Выбрать главу

Увы, время разрушительно, солнце матриархата закатилось. Зато в Керале появилось единственное в мире законно избранное коммунистическое правительство. Почти стопроцентная грамотность в сочетании с массовой нищетой порождает буйную политическую активность: озабоченные социальной справедливостью сорок миллионов жителей Кералы постоянно устраивают забастовки, стачки и митинги. Многие вынуждены уезжать на заработки, в том числе к нам в Бангалор.

По совету Нидхи — веб-инженера из Кералы — мы с Раджешем-водителем отправились в отдаленную деревню в самой гуще плантации бананов, каучуковых деревьев и пряностей. Когда добрались, было около полуночи. Посреди двора полыхал трёхметровый костер.

Чуть поодаль от огня стояли несколько голых по пояс музыкантов в набедренных повязках — дхоти. Они отрешённо выбивали дробь — то чуть изогнутыми деревянными палочками, то ладонями.

Молодой человек в углу двора готовился к выступлению. На нем были ярчайшая широкая юбка и темно-бордовый накладной передник из папье-маше, с животиком и мощными женскими грудями. Лицо было разрисовано чёрно-красным орнаментом, похожим на ацтекский: кирпичные щёки в крупных узорах, огромные багровые губы. В обведённых чёрных глазах в пол-лица бессмысленно поворачивались белые зрачки.

Кто-то поднёс молодому человеку бутылочку; я думал, это «фене» — перебродивший сок орехов кэшью. Или, может, «тодди» — ферментированный на солнце пальмовый сок, похожий по вкусу на квас, а по воздействию — на шампанское.

Впрочем, нет — приглядевшись, я заметил на бутылке этикетку дешёвого виски.

Отпив, молодой человек взглянул в услужливо поднесённое ему зеркальце, велел поправить что-то в своей маске. Потом глянул ещё раз, и тут произошло чудо преображения: черноту его глаз прорезал белый всполох — в зеркале он узнал в себе древнюю богиню.
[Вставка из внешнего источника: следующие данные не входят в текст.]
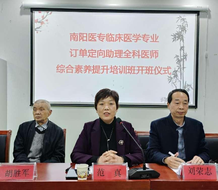 本网讯(文/临床医学系 李林)4月8日上午,南阳医专临床医学专业订单定向助理全科医师第一期综合素养提升培训班开班仪式在实验楼一楼临床医学模拟中心举行。校长范真、副校长刘荣志、“胡氏捻筋法”第三代传人胡胜军出席,中医系主任张明丽,医学技术系主任李玲,临床医学系党总支书记宗山林、副主任周毕军、授课教师代表以及第一期订单定向班全体学员参加开班仪式。开班仪式由副校长刘荣志主持。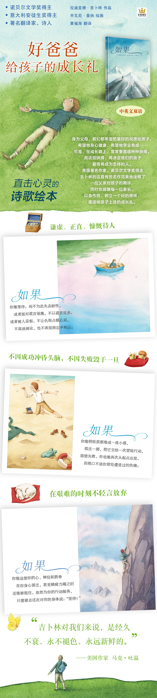 1909年,拉迪亚德·吉卜林创作了《如果》这首诗,寄语12岁的儿子约翰。几年后,约翰不幸死于“一战”中的一场战役。但是这首诗却成为一种激励,广为流传。近年来,这首诗两次入选“英国民众喜爱的诗作”。在这本描绘来自父辈的谆谆教诲的图画书里,意大利插画家乔瓦尼·曼纳用柔软而有力量的画笔,把童年的天真和吉卜林诗句间传达出的激励人心的情感,完美地融为一体。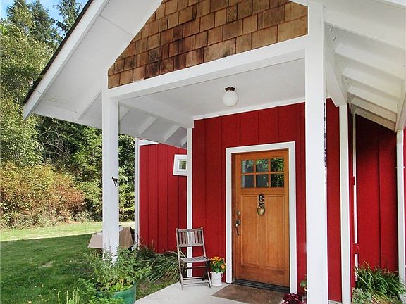 The Island hideaway of your dreams. Five acres of sunny open space, deer-fenced garden & forest with miles of woodland trails at your fingertips; town & ferries nearby. Custom built 2 bedroom, 1.75 bath home, compact & cleverly designed to take advantage of every nook & cranny. 4 bedroom septic. Upscale finishes, jetted tub, maple kitchen cabinets, outdoor pizza oven on entertainment patio. Versatile, permitted 750' sq. ft. outbuilding w/220. Private well w/2000 gallon storage tank.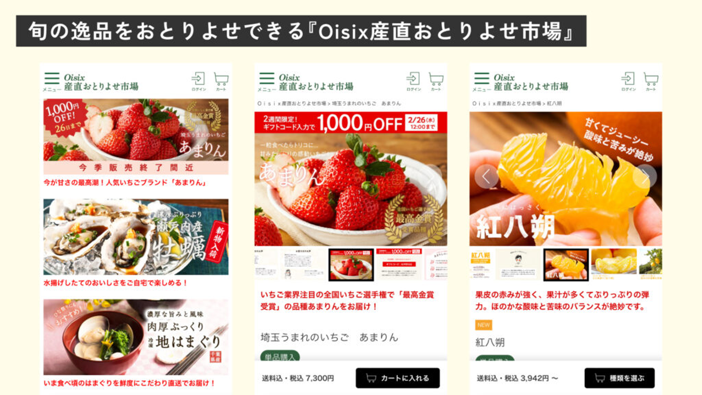 3つ目は、産地直送チームと呼ばれているチームです。Oisixでは、旬の一品を産直直送でおとりよせできる『Oisix産直おとりよせ市場』というECサイトを運営しています。そのサイトで使用されるデザインの制作を担当していきます。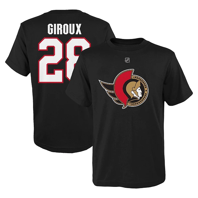 T-shirt noir avec nom et numéro des Sénateurs d'Ottawa Claude Giroux pour jeunes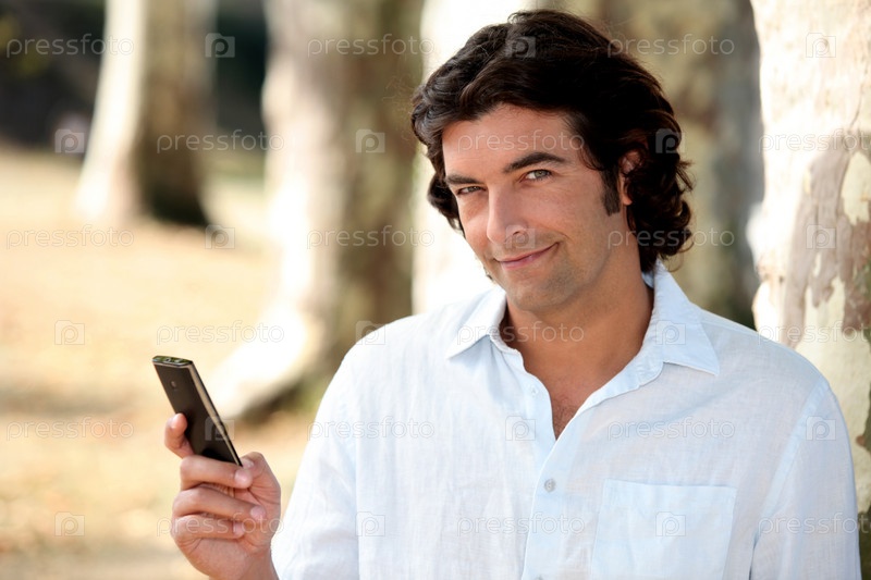 Мужчина отправляет текстовое сообщение в лесу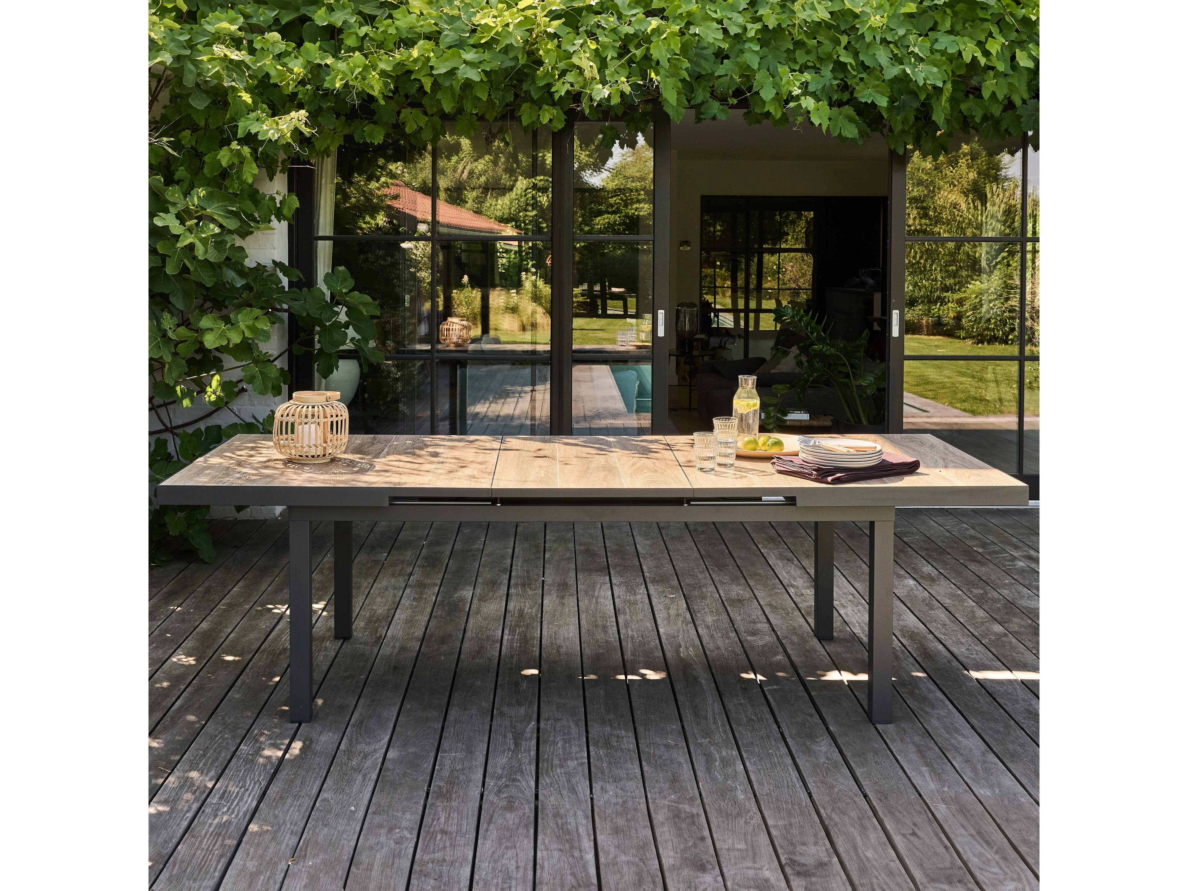 Table extensible aluminium et céramique imitation bois - Tivoli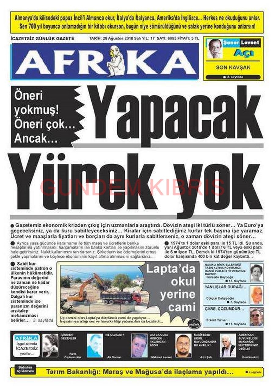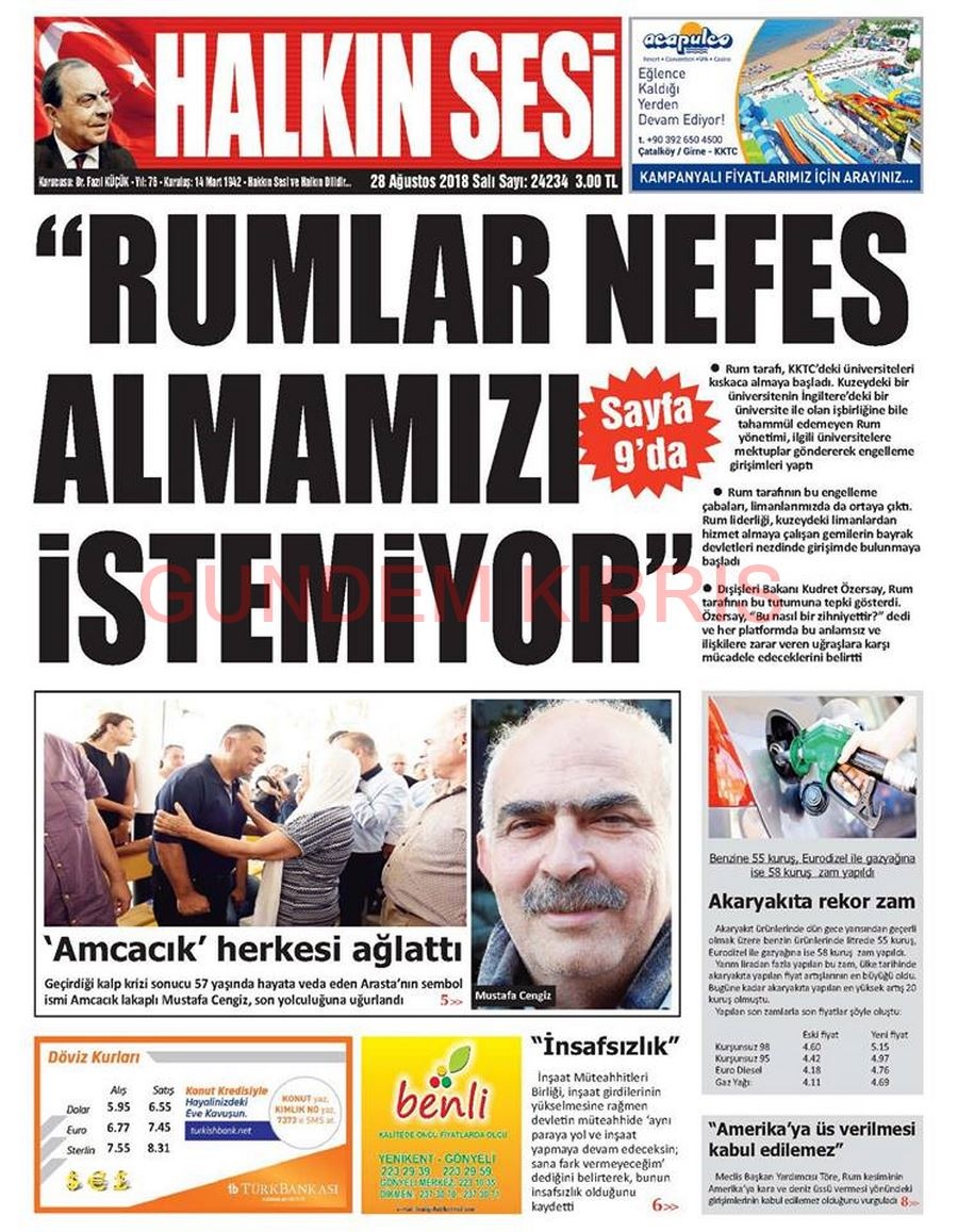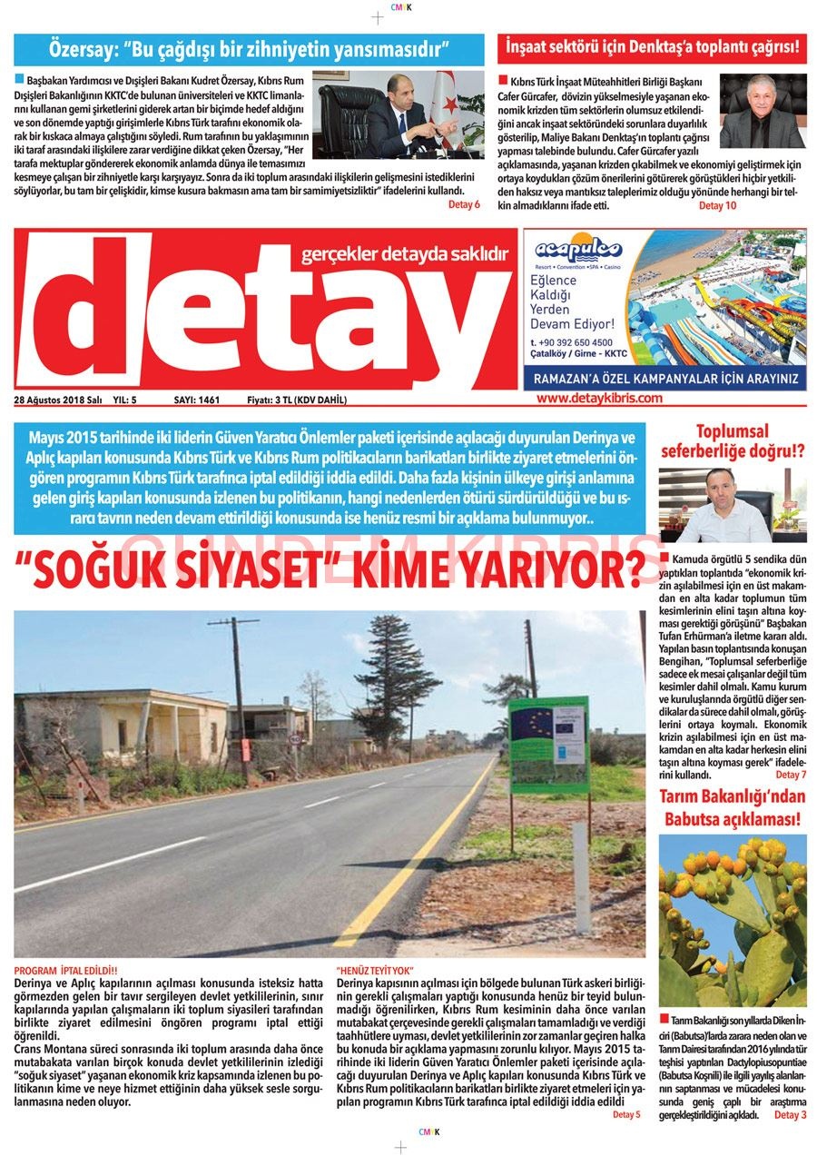 KKTC Gazete Manşetleri 28 Ağustos 2018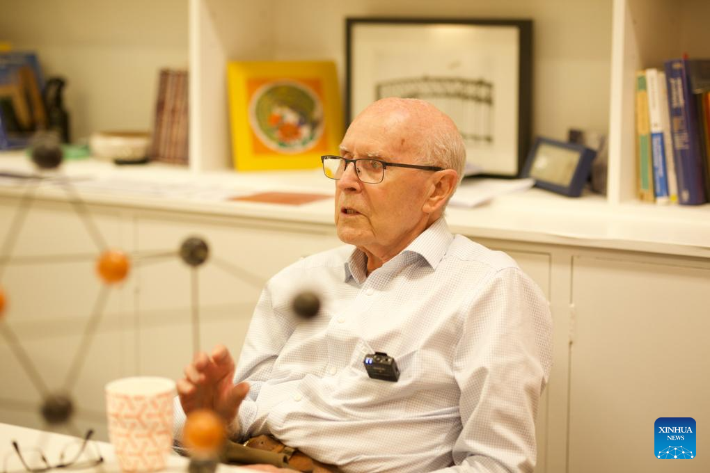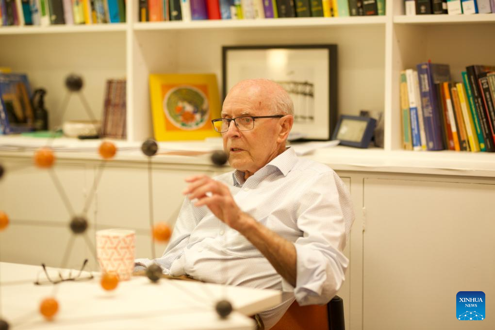 This photo taken on Oct. 9, 2025 shows Professor Richard Robson receiving an interview with University of Melbourne media team in Melbourne, Australia. Richard Robson was awarded the 2025 Nobel Prize in Chemistry together with two other scientists for developing metal-organic frameworks (MOFs). (University of Melbourne/Handout via Xinhua)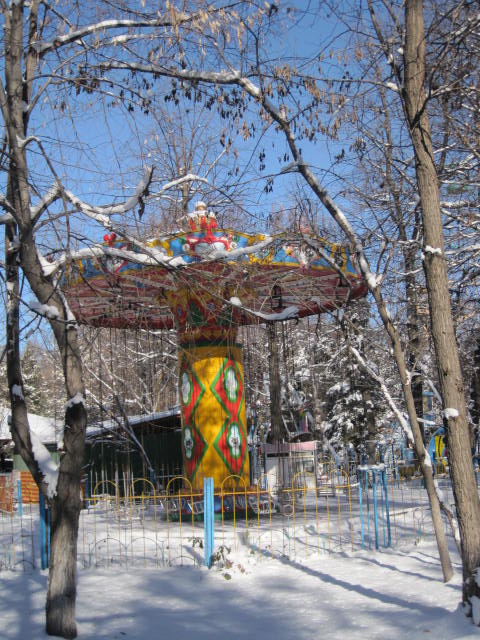 Random shots in Panfilov. Forlorn is the only word I can think of for an amusement park that sits quiet and empty. But there is also a kind of hopefulness that radiates from the bright colors. They telegraph that despite snow and winter and stillness, warmer days will come once more and so will people to fill the rides. They will return to be amused.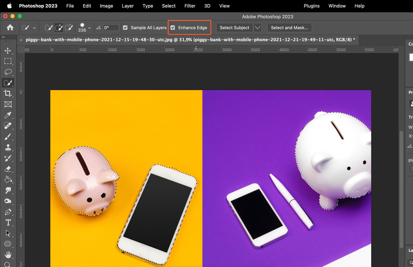 Tick the Enhance Edge box if you want Photoshop to automatically improve the accuracy of your selection.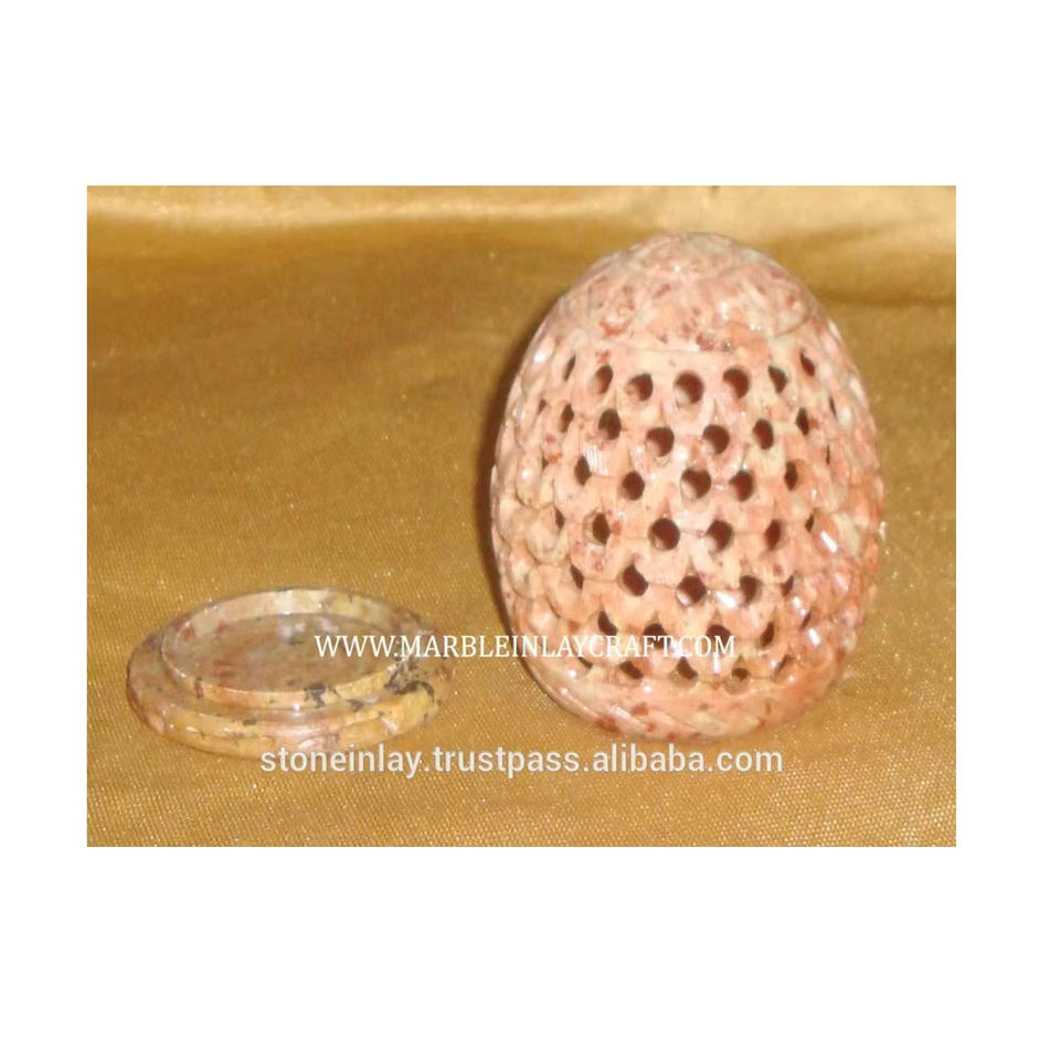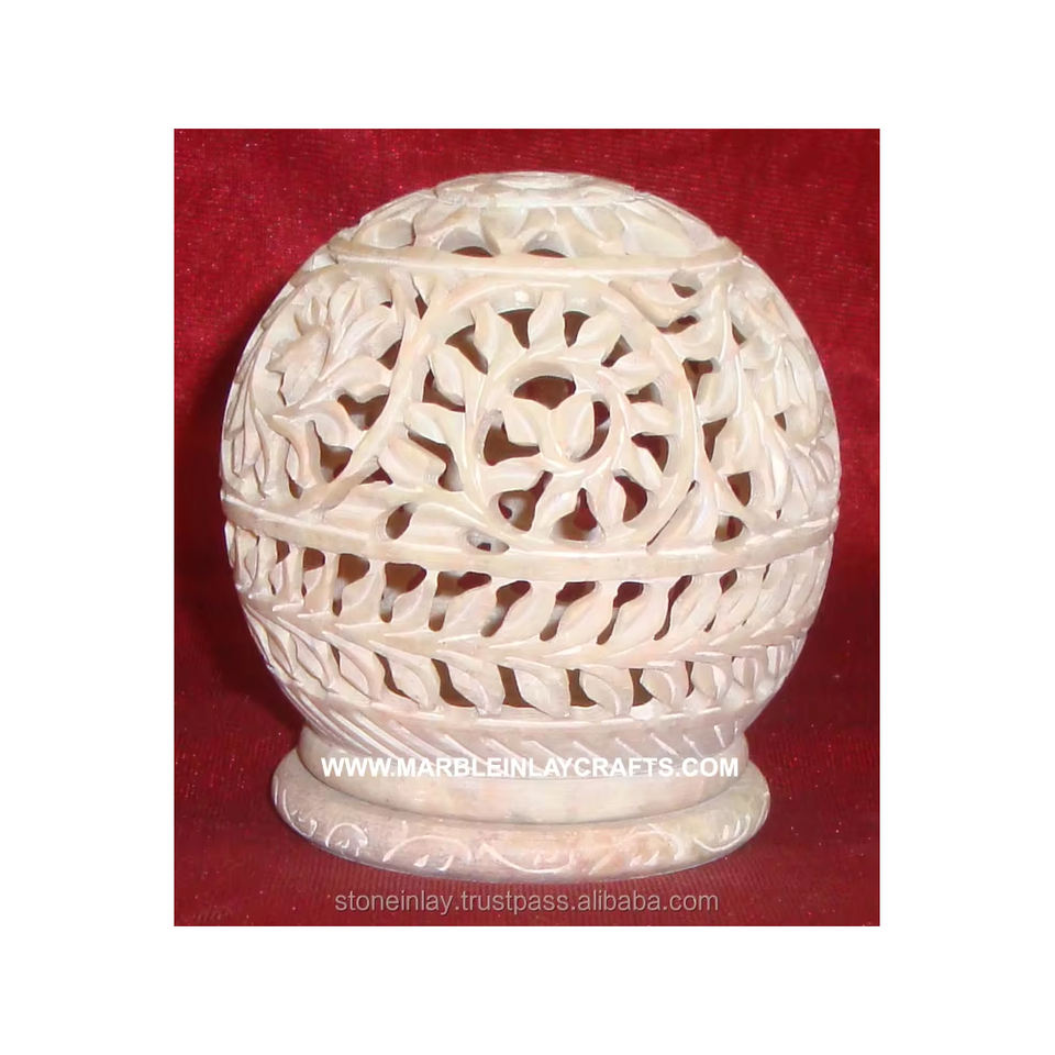 Portavelas Ovalado de Piedra Jabonosa Natural Hecho a Mano con Tallado Jali de Alta Calidad para Decoración del Hogar

Его глаза закатились; ничего человеческого в этом парне уже не осталось.

Полуголые барабанщики били всё требовательнее и ожесточённее, подчиняя себе ритм сердца и толчки крови в висках. Ноги богини в массивных серебряных ножных браслетах нетерпеливо подрагивали. Ей закрепили последний элемент облачения: огромный бордовый расписной круг, метра два в диаметре, весь расшитый сияющими узорами. Из центра этого круга выглядывало её жутковатое лицо с огромными серебряными клыками.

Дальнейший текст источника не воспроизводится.